「もう何カ月も、夫婦の営みはないはずなのに……妻が妊娠していた?」
妻が医療機関を受診していた記録は不貞の決定打になるのだろうか。弁護士ドットコムに、思いがけない「証拠」を見つけてしまった男性からの相談が寄せられた。
相談者の男性によると、夫婦関係はすでに冷え切っており、ここ半年以上、性交渉は一度もなかったという。

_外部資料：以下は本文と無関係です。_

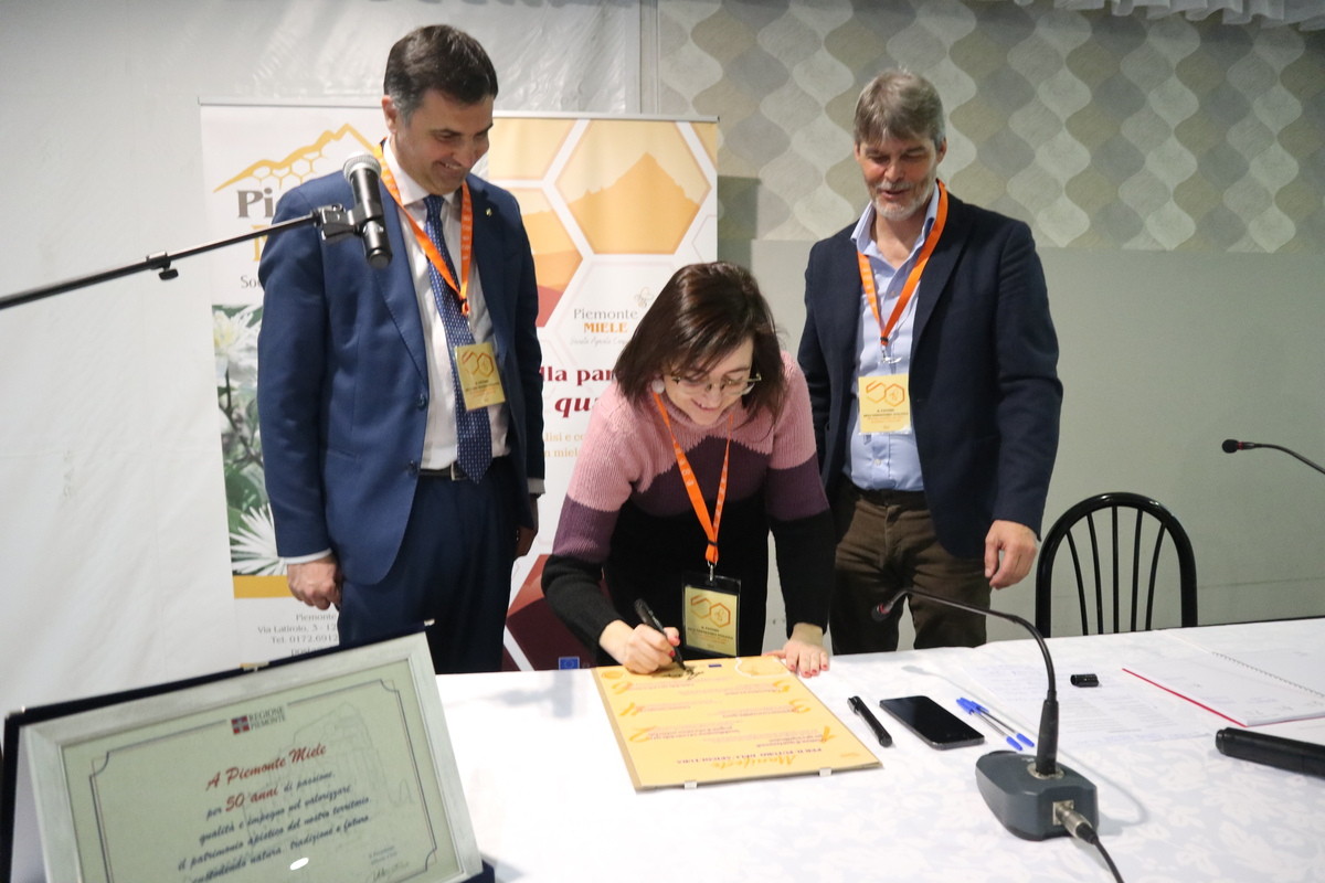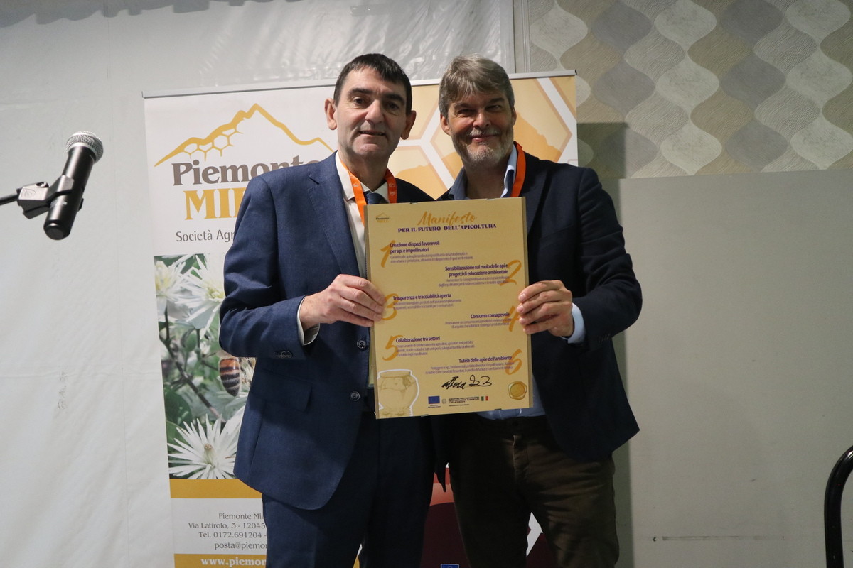 Regione e Provincia, in particolare, hanno sottoscritto l’importante “Manifesto del futuro dell’Apicoltura” di Piemonte Miele, un’iniziativa nata per coinvolgere apicoltori, agricoltori, aziende, istituzioni, scuole e cittadini in un’azione collettiva per la tutela degli impollinatori e dell’ambiente. Piemonte Miele ha inoltre ricevuto, sempre dalla Regione Piemonte, un attestato di merito per il raggiunto traguardo dei 50 anni per “passione, qualità e impegno nel valorizzare il patrimonio apistico del territorio, custodendo natura, tradizione e futuro”.
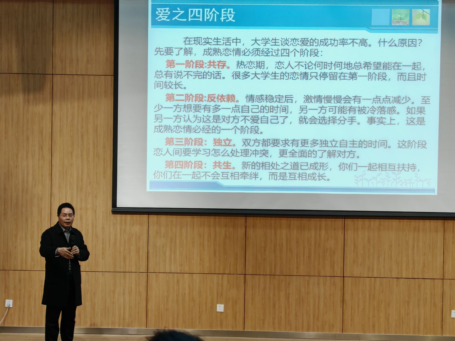 讲座剖析大学生常见心理问题:学业压力需设定“具体、可衡量”目标,专注可控因素;人际关系矛盾可通过“以己待人”的黄金准则化解;情感问题应理解恋爱四阶段(共存、反依赖、独立、共生),接纳冲突与成长;职业迷茫需平衡目标与现实,接纳不确定性。
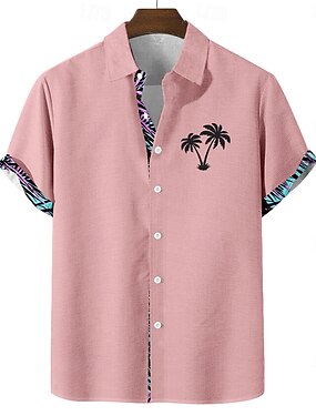 Муж. Кокосовая пальма Тропические растения Гавайская рубашка Кнопка рубашка Рубашка Алоха С короткими рукавами Гавайский Отпуск Праздники Одежда для пляжа Лето Весна Отложной 3D печать Рубашка из льна
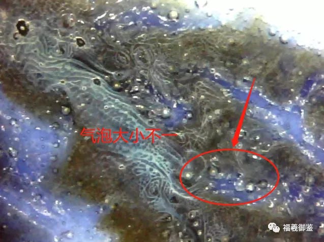 老的元青花,都是用柴木窑烧的,而现在大多仿品都是用气窑烧的,这两种工艺不同,釉质的化学变化物理变化也有所不同。特别是釉中气泡的形成过程上,它是不一样的,古代柴木窑烧的气泡要显得大小不一疏朗,气泡明亮。而现代气窑烧的气泡较细小大小相间,不透亮。这只是相对而言,也不能排除现代造假者用柴木窑仿造的器物,还得在器形、纹饰等各方面深入研究,以致判断。

ところが先日、妻が医療機関を受診した際の「控え」を偶然発見。そこには、妻が「妊娠」を理由に受診したことがわかる記載が残されていたそうだ。
身に覚えがまったくない以上、妻が他の男性と関係を持ったことは明らかだと考えている。この受診記録は不貞行為の決定的な証拠になりえるのだろうか。
男女のトラブルにくわしい草木良文弁護士に聞いた。
●それだけで不貞行為の決定的証拠にはならない
──妻との離婚などを考え、裁判になった場合、妊娠を理由とした医療機関への受診記録は「証拠」となるのでしょうか。
不貞行為とは「配偶者以外の者と自由な意思に基づく性的関係を結ぶこと」と定義されています。
妊娠を理由とする産婦人科の受診記録は、事実として「妊娠している可能性」や「妊娠に関する医療行為を受けたこと」を示す資料にはなります。
しかし、それ自体が直ちに不貞行為の存在を直接証明する決定的証拠になるとは限りません。
●性交渉が長期間なかったことが裏付けられると
もっとも、ご相談のように、長期間にわたり夫婦間で性交渉がなかったという事情が客観的に裏付けられる場合には、妊娠の事実自体が不貞を強く推認させる間接事実となり得ます。
その意味で、受診記録は他の事情と組み合わせることで重要な証拠の一部として機能する可能性はあります。